客户端登录成功之后,我们使用客户端连接我们的云端自治数据库ATP。大家观察下面的第二段代码。在第一行设定了连接数据库的连接串"jdbc:oracle:thin:@刚才在tnsnames.ora当中查到的名字?TNS_ADMIN=从ATP下载的wallet解压的位置"。然后在下面设定了连接数据库时,使用的用户名和口令。最后声明一个conn的对象,创建连接。
[oracle@graphs wallets]$ opt/oracle/graph/bin/opg-jshell --base_url http://localhost:7007
For an introduction type: help intro
Oracle Graph Server Shell 20.2.0
PGX server version: 20.0.2 type: SM
PGX server API version: 3.7.2
PGQL version: 1.3
Variables instance, session, and analyst ready to use.
opg-jshell>
opg-jshell> var jdbcUrl = "jdbc:oracle:thin:@graphs_high?TNS_ADMIN=/home/oracle/wallets";
jdbcUrl ==> "jdbc:oracle:thin:@graphs_high?TNS_ADMIN=/home/oracle/wallets"
opg-jshell> var user = "customer_360";
user ==> "customer_360"
opg-jshell> var pass = "bugaosunibugaosuni";
pass ==> "bugaosunibugaosuni"
opg-jshell> var conn = DriverManager.getConnection(jdbcUrl, user, pass) ;
conn ==> oracle.jdbc.driver.1111111111111111
opg-jshell>
接下来设置自动提交关闭,并创建连接pgql。
opg-jshell> conn.setAutoCommit(false);
opg-jshell> var pgql = PgqlConnection.getConnection(conn);
pgql ==> oracle.pg.rdbms.pgql.PgqlConnection@6e92f150
下面这段代码其实是一个变量,叫做cpgStmtStr,这段代码的作用是创建一个叫做customer_360的图。这只是一个变量,目前还没有执行。
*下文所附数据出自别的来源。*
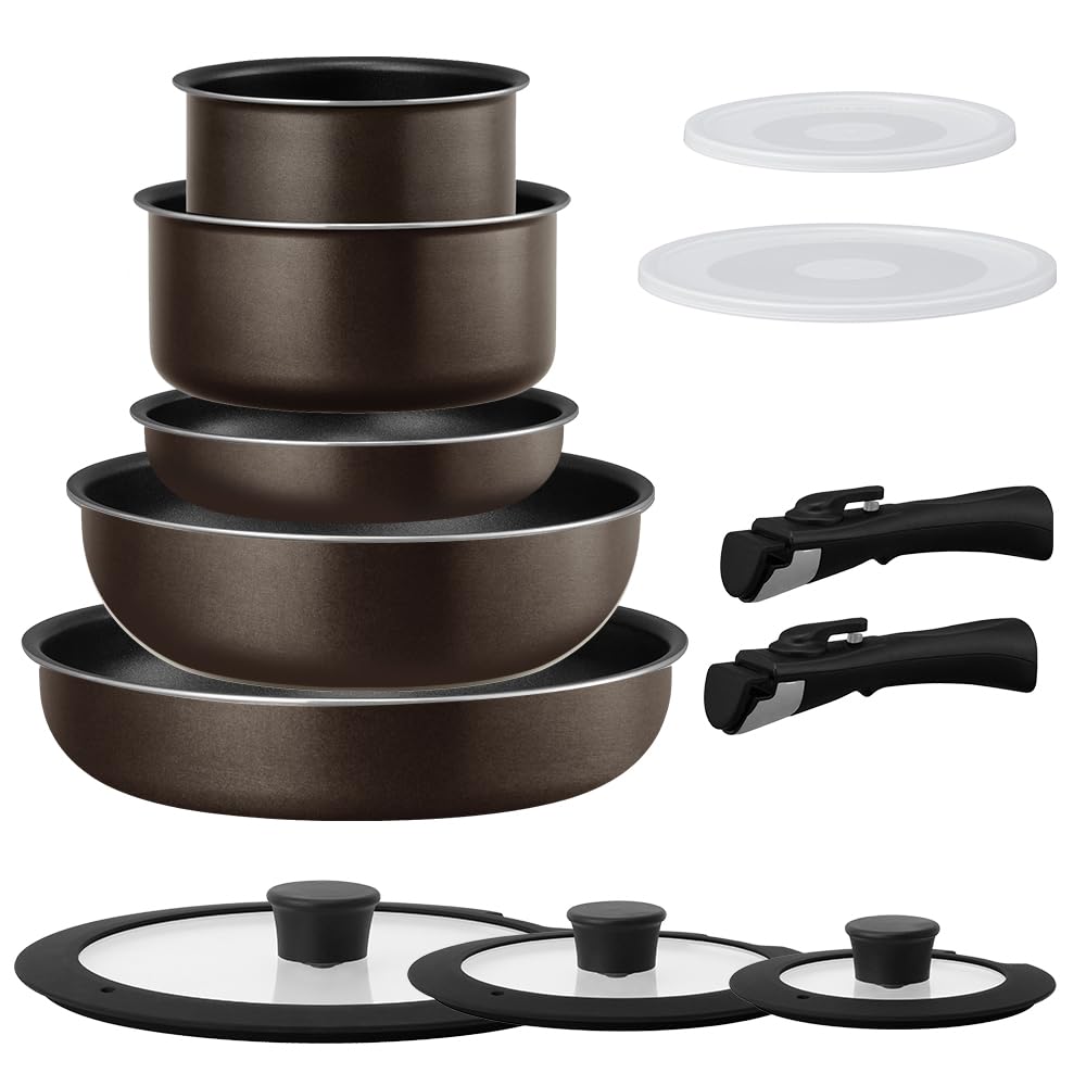 IRIS OHYAMA Frying Pan Set with Diamond Coated Removable 3 Metallic Brown 12-Piece Pans, Induction/Gas Compatible, Handles, Lightweight, Colors,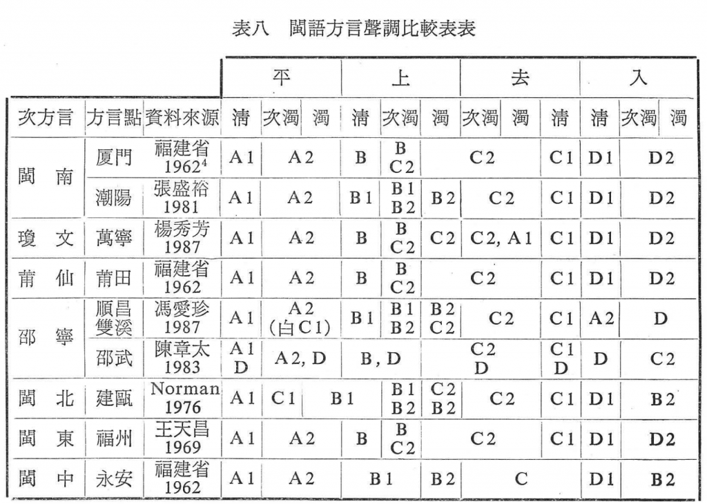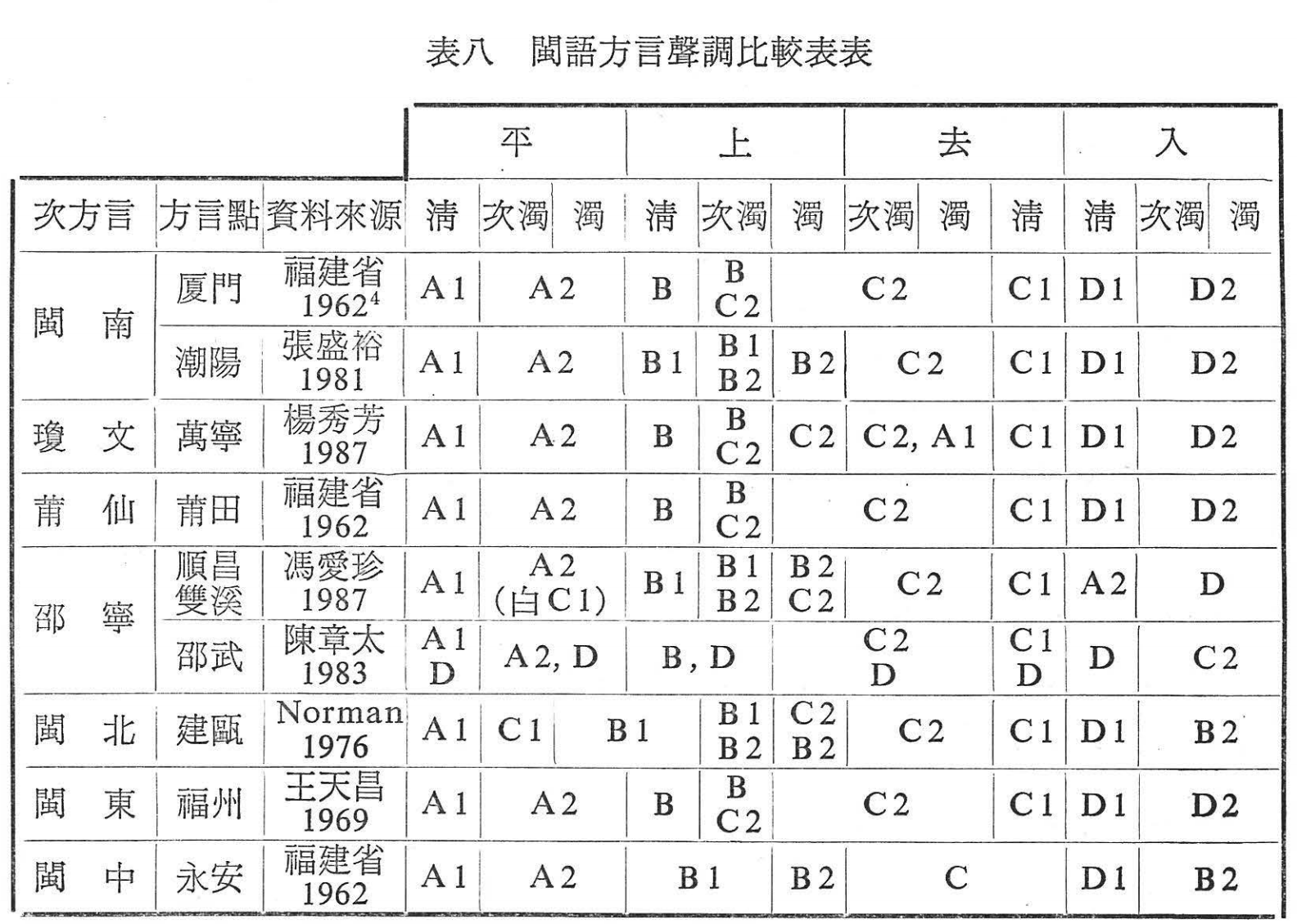 9. 閩語大致可分七個次方言(張振興1985),現在各酌取一兩個方言點列成表八,以供討論。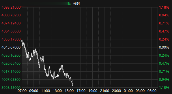 上证报中国证券网讯据Choice数据,11月18日,国际现货黄金震荡走低,截至15:39报3999.83美元/盎司,日内跌超1%。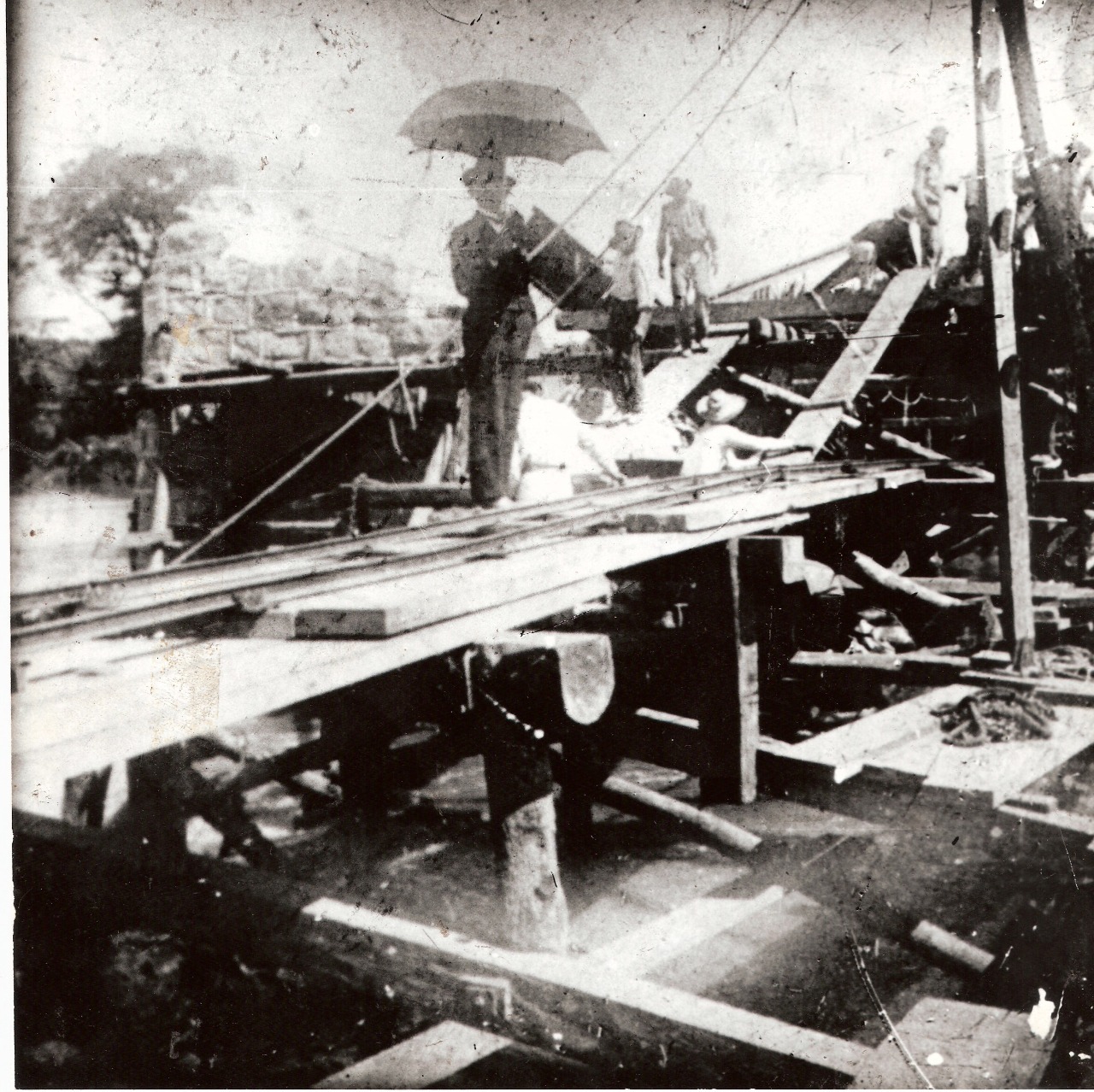 Foto: Euclides da Cunha (no centro da imagem), durante obras de reconstrução da ponte metálica em São José do Rio Pardo (Foto: Acervo da Casa de Cultura Euclides da Cunha)

opg-jshell> var cpgStmtStr = "CREATE PROPERTY GRAPH customer_360 " +
...> " VERTEX TABLES (" +
...> " customer " +
...> " PROPERTIES (type, name, age, location, gender, student) " +
...> " , account " +
...> " PROPERTIES (type, account_no, balance) " +
...> " , merchant " +
...> " PROPERTIES (type, name) " +
...> " ) " +
...> " EDGE TABLES ( " +
...> " owned_by " +
...> " SOURCE KEY(from_id) REFERENCES account " +
...> " DESTINATION KEY(to_id) REFERENCES customer " +
...> " LABEL owned_by " +
...> " PROPERTIES (since) " +
...> " , parent_of " +
...> " SOURCE KEY(from_id) REFERENCES customer " +
...> " DESTINATION KEY(to_id) REFERENCES customer " +
...> " LABEL parent_of " +
...> " , purchased " +
...> " SOURCE KEY(from_id) REFERENCES account " +
...> " DESTINATION KEY(to_id) REFERENCES merchant " +
...> " LABEL purchased " +
...> " PROPERTIES (amount) " +
...> " , transfer " +
...> " SOURCE KEY(from_id) REFERENCES account " +
...> " DESTINATION KEY(to_id) REFERENCES account " +
...> " LABEL transfer " +
...> " PROPERTIES (amount, date)" +
...> " )" ;
cpgStmtStr ==> "CREATE PROPERTY GRAPH customer_360 VERTEX TABLES ( customer PROPERTIES (type, name, age, location, gender, student) , account PROPERTIES (type, account_no, balance) , merchant PROPERTIES (type, name) ) EDGE TABLES ( owned_by SOURCE KEY(from_id) REFERENCES account DESTINATION KEY(to_id) REFERENCES customer LABEL owned_by PROPERTIES (since) , parent_of SOURCE KEY(from_id) REFERENCES customer DESTINATION KEY(to_id) REFERENCES customer LABEL parent_of , purchased SOURCE KEY(from_id) REFERENCES account DESTINATION KEY(to_id) REFERENCES merchant LABEL purchased PROPERTIES (amount) , transfer SOURCE KEY(from_id) REFERENCES account DESTINATION KEY(to_id) REFERENCES account LABEL transfer PROPERTIES (amount, date) )"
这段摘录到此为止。